Eurocentrismo – Segundo o autor, é por meio da cultura popular que se formam os vínculos que nos ligam à negritude da África e ao indigenismo da América. Como consequência do colonialismo, formou-se um sistema de valores no qual apenas a contribuição europeia tende a ser ressaltada e valorizada, em um fenômeno chamado de Eurocentrismo.
“Ficou evidente que a nossa região foi e continua sendo alvo desse projeto integracionista.
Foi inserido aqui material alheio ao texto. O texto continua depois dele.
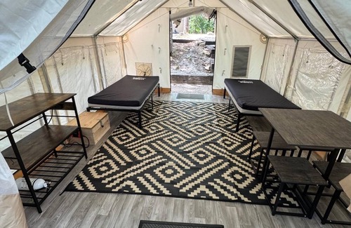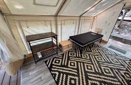 Experience the beauty of Red River Gorge with the comfort of glamping at Magnolia's Rest. This thoughtfully designed canvas wall tent combines rustic charm with modern conveniences, offering the perfect balance of nature and relaxation.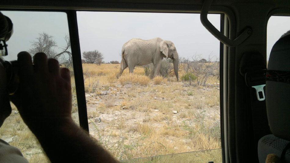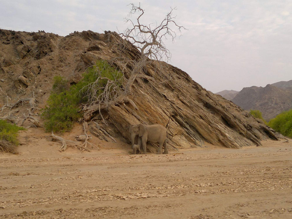 15:00 hod. - Včera v podvečer jsme vjeli do Hoanib River. Kromě nádherného západu slunce nás v řecwe přivítala asi 30 metrů od aut slonice s 2-týdenním slůnětem, pak 5 žiraf asi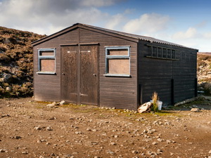It was easy walking and the views were good, in spite of distant haze. The map showed me passing through the wonderfully named area of The Swangs but I couldn’t see anything that would justify the name. Just over the summit of Larchet Hill the track ends at a turning area with a hut in the corner. All the windows were covered and door locked. One reason I’d come this way was the map showed a chimney. There was no sign of one but a pile of stones and a carn in the middle. There was no sign of any evidence of mine workings so a chimney didn’t make sense. My continuing route was west, following the wire fence line. |
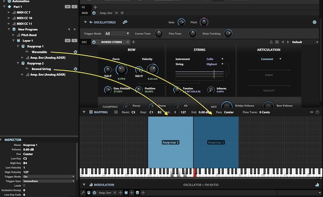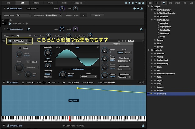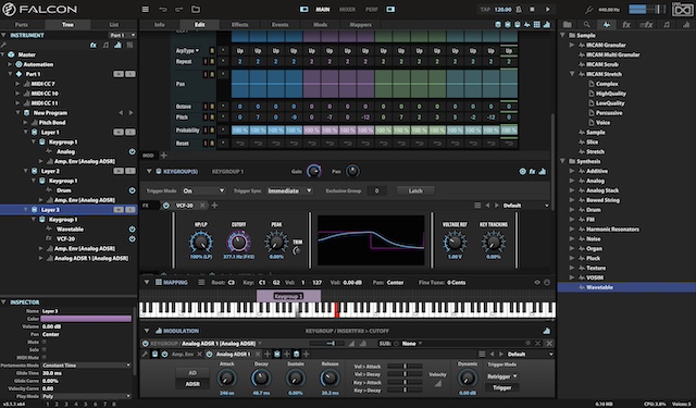Falconの音作りはオシレーターをキーマップにインサートするところからはじまるのですが、このように音域を分けて別のオシレーターやサンプルを割り当てることも簡単にできます。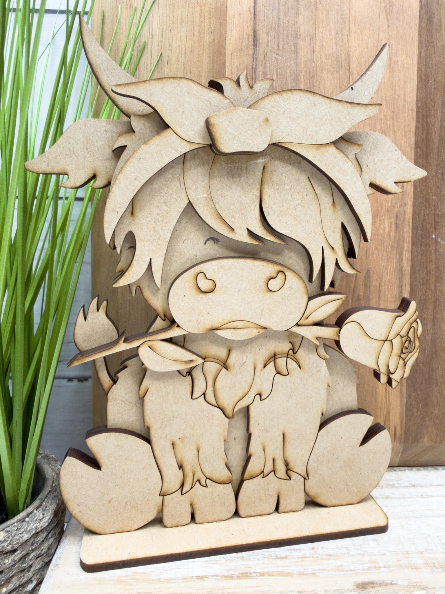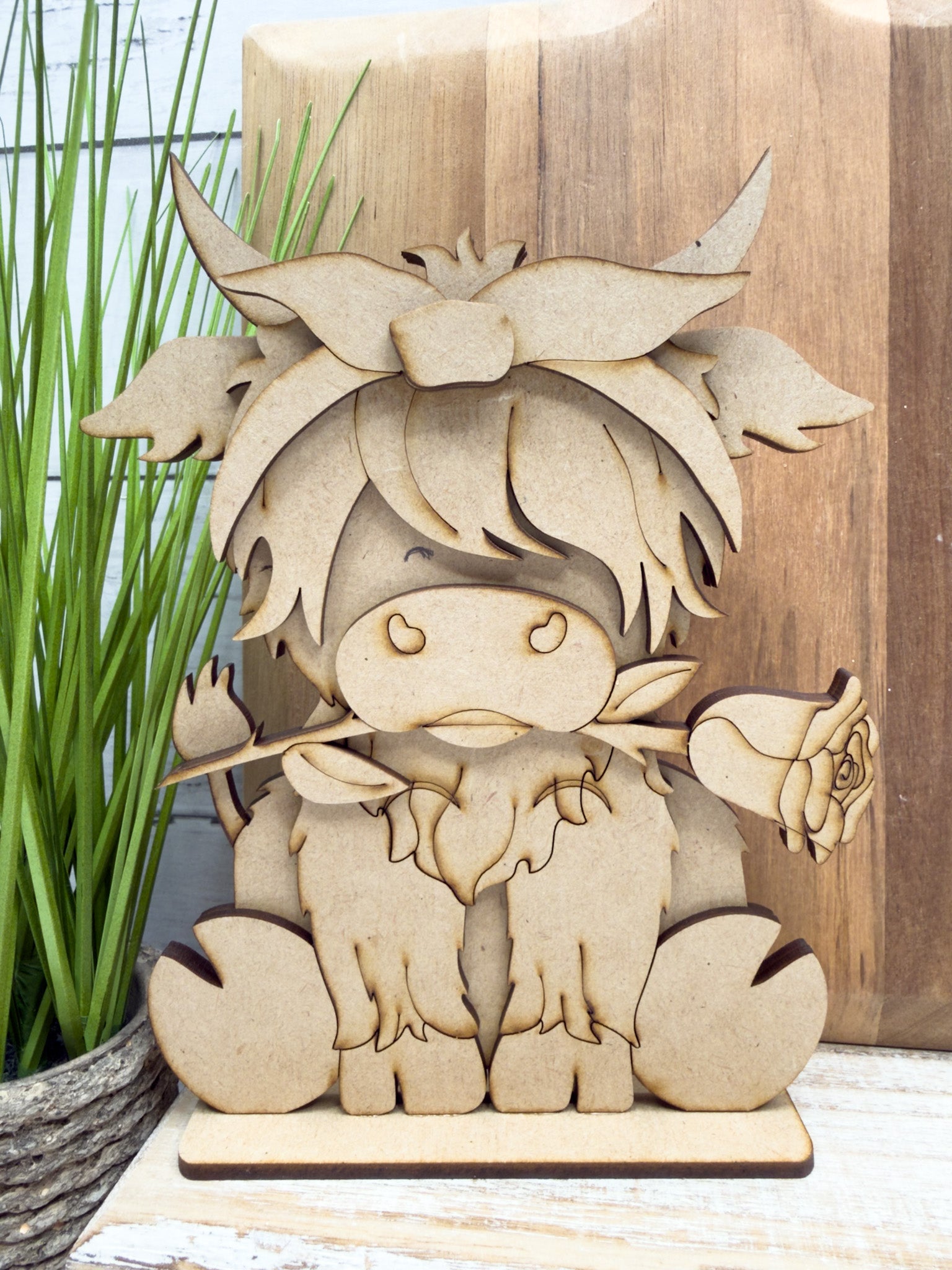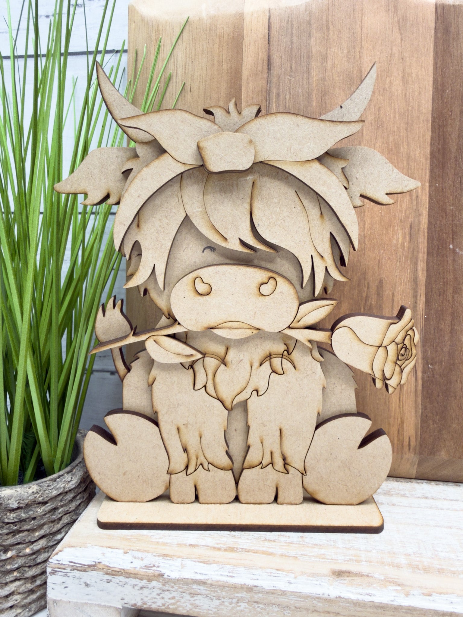 Add rustic charm and cottage style to your home with our Highland Cow and Rose Sitter DIY Kit. This beautiful layered wood design features a sweet Highland cow holding a rose, topped with a flowing bow for a soft and elegant farmhouse look.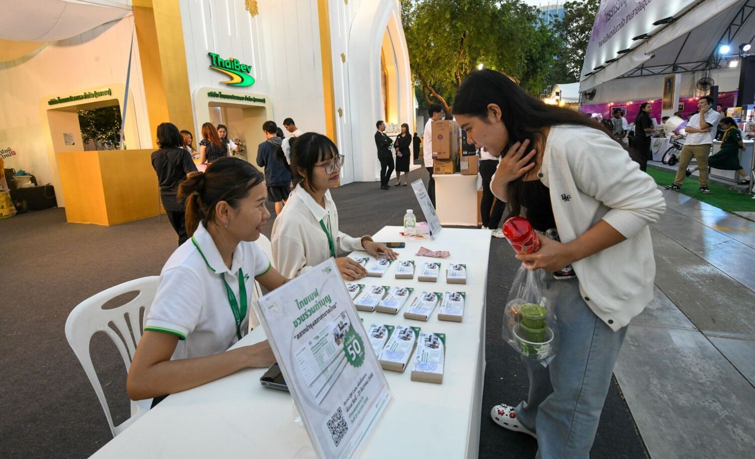 พร้อมสานต่อพระราชปณิธานผ่านแนวคิด “สายใยแผ่นดิน” ด้วยการสรรค์สร้างบูทไทยเบฟให้เป็นพื้นที่แห่งการแบ่งปัน และร่วมสร้างแรงบันดาลใจในการพัฒนาคุณภาพชีวิตอย่างยั่งยืน สานต่อแนวพระราชดำริแห่งการสร้างอาชีพ ควบคู่กับการอนุรักษ์ป่า และน้ำ เพื่อความยั่งยืนของแผ่นดินไทย พร้อมเชิญชวนเยี่ยมชมบูทกิจกรรมไทยเบฟ และนิทรรศการเผยแพร่พระราชกรณียกิจของสมเด็จพระนางเจ้าสิริกิติ์ พระบรมราชินีนาถ พระบรมราชชนนีพันปีหลวง ที่นำเสนอเรื่องราวต่าง ๆ ที่ “ไทยเบฟ” ได้มีโอกาสถวายงาน เพื่อร่วมสืบสานแนวพระราชดำริ “ป่ารักน้ำ” สู่ความยั่งยืนของแผ่นดินไทย ที่สะท้อนให้เห็นถึงพลังความร่วมมือจากทุกภาคส่วนที่ร่วมกันรักษา และฟื้นฟูระบบนิเวศของประเทศให้คงอยู่คู่คนไทยต่อไป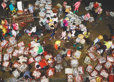 白马井渔港码头,人们分拣鱼获。

Por meio das memórias de nossos/as interlocutores/as, percebemos a desvalorização do conhecimento popular em cada território, o apagamento das produções culturais e artísticas locais e a imposição de modelos educativos e sociais exógenos como elementos constitutivos do processo pedagógico na Amazônia”, expõe.
Entretanto a busca por alternativas exige o questionamento da suposta universalidade desse modelo civilizatório. “Para tanto, dar ênfase às várias perspectivas culturais e, no âmbito deste trabalho, construir um elogio à força descolonizadora da cultura popular auxilia na construção de outros mundos possíveis”, reforça o autor.
“A compreensão profunda e detalhada deste fenômeno é fundamental para que outros rumos possam ser tomados, expandindo nossa concepção de quais conhecimentos são ‘dignos’ de estarem na escola e fazerem parte do universo de saberes que nossas crianças, adolescentes e jovens poderão acessar dentro deste espaço”, conclui Albert Cordeiro.